Deduplication will exist everywhere

Deduplication will exist everywhere

Summary: Most customers were just starting to get their arms around all the different deduplication approaches available in disk appliances and VTLs from vendors when backup software vendors and even non-storage related vendors began announcing deduplication capabilities.We all know the appliance and VTL vendors offering dedupe, including COPAN Systems, Data Domain, EMC, Exagrid, FalconStor, HP, IBM (Diligent), NEC, NetApp, Quantum, Sepaton, Sun StorageTek, and others.

SHARE:
TOPICS: Data Management
3

Most customers were just starting to get their arms around all the different deduplication approaches available in disk appliances and VTLs from vendors when backup software vendors and even non-storage related vendors began announcing deduplication capabilities.

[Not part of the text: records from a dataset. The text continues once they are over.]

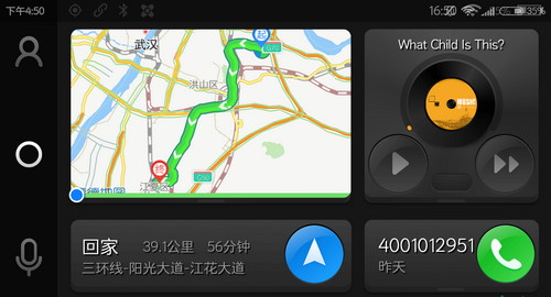 4、首页聚合四大驾驶核心功能,一页掌控导航、路况、音乐、电话和语音,让驾驶更简单;
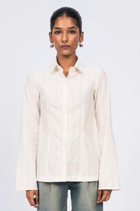 This slim-fit shirt brings a contemporary edge to a classic staple. Featuring a regular collar and clean front button closure, it’s designed with full sleeves finished without cuffs for a minimalist touch. Front and back darts sculpt a flattering silhouette, while vertical stripes elongate the frame for a crisp, polished look.
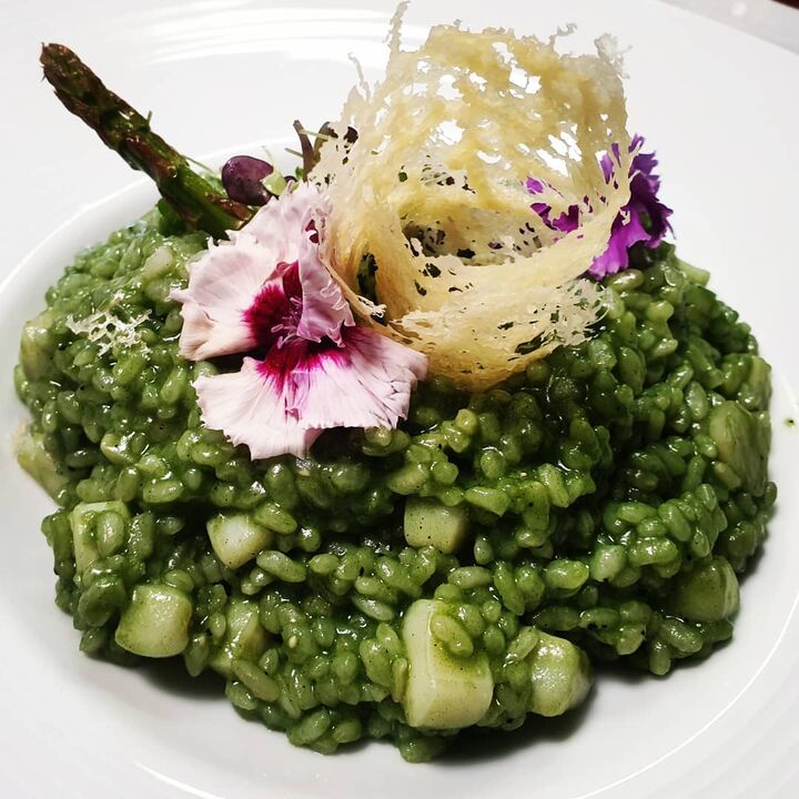 Pedimos lentejas, risotto (buenísimo) y lubina ya que era el pescado del día. De postre un bienmesabe 👌🏽.
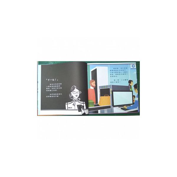 今天,飛機場會發生什麼好玩的事情呢?請拿一支手電筒照亮畫面背後,仔細觀察,從檢查護照的地勤人員、使用X光機掃描行李的海關人員,到駕駛飛機的正、副駕駛,跟緊囉!在熙來攘往的飛機場,我們將飛機場的裡裡外外,還有飛機內部的秘密都向你揭露,翻開內頁,你將深刻體驗空中旅行的樂趣。
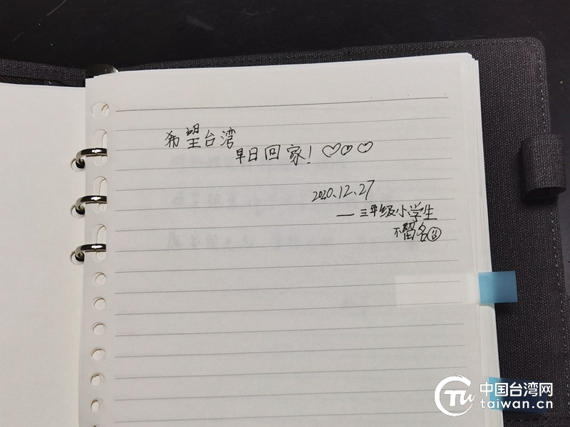 此外,還有一位署名“三年級小學(xué)生”的觀眾,在留言簿上畫了三顆小愛心,寫了一句話,“希望臺灣早日回家”。這些留言,每一字每一句都是兩岸同胞血濃于水骨肉親情的真情流露,強烈地表達了一種希望祖國能夠早日統(tǒng)一的心情。
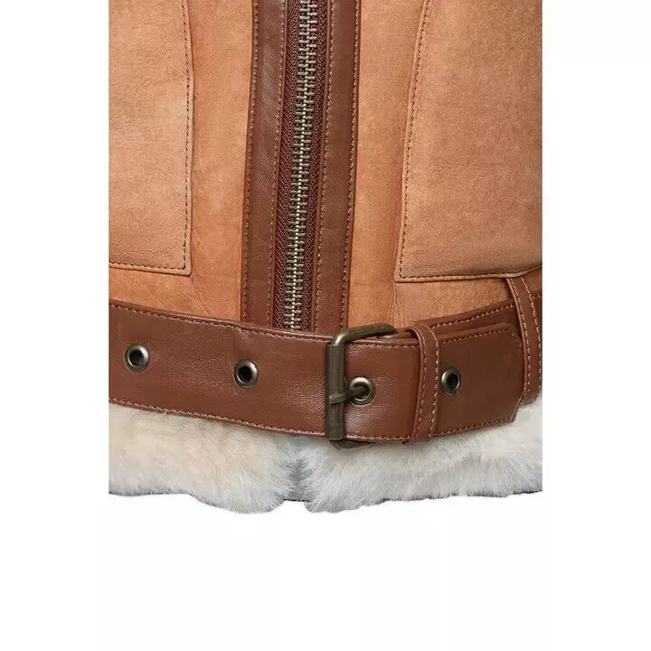 Double Collar Design: The double collar with shearling lining enhances both the warmth and the overall style of the jacket, offering a sophisticated and cozy look.

We all know the appliance and VTL vendors offering dedupe, including COPAN Systems, Data Domain, EMC, Exagrid, FalconStor, HP, IBM (Diligent), NEC, NetApp, Quantum, Sepaton, Sun StorageTek, and others.

And there were existing backup software vendors, including EMC Avamar, Symantec NetBackup PureDisk, and many online backup software vendors, like Asigra. Now add CommVault Simpana 8.0 and IBM Tivoli Storage Manager (TSM) V6.

But just because the deduplication is performed in software doesn't automatically make it source deduplication. With source deduplication, the deduplication is performed on the client (the server or desktop/laptop that you want to backup) before its transmitted over the LAN. Even though it's performed in software, IBM TSM and CommVault Simpana provide target deduplication. The deduplication is not performed on the client — it's performed on the media server and stores the data in deduplicated form on whatever disk target you have. So source vs. target is not what does the deduplication but rather where deduplication is performed. You can expect other backup software vendors to add deduplication capabilities in the future.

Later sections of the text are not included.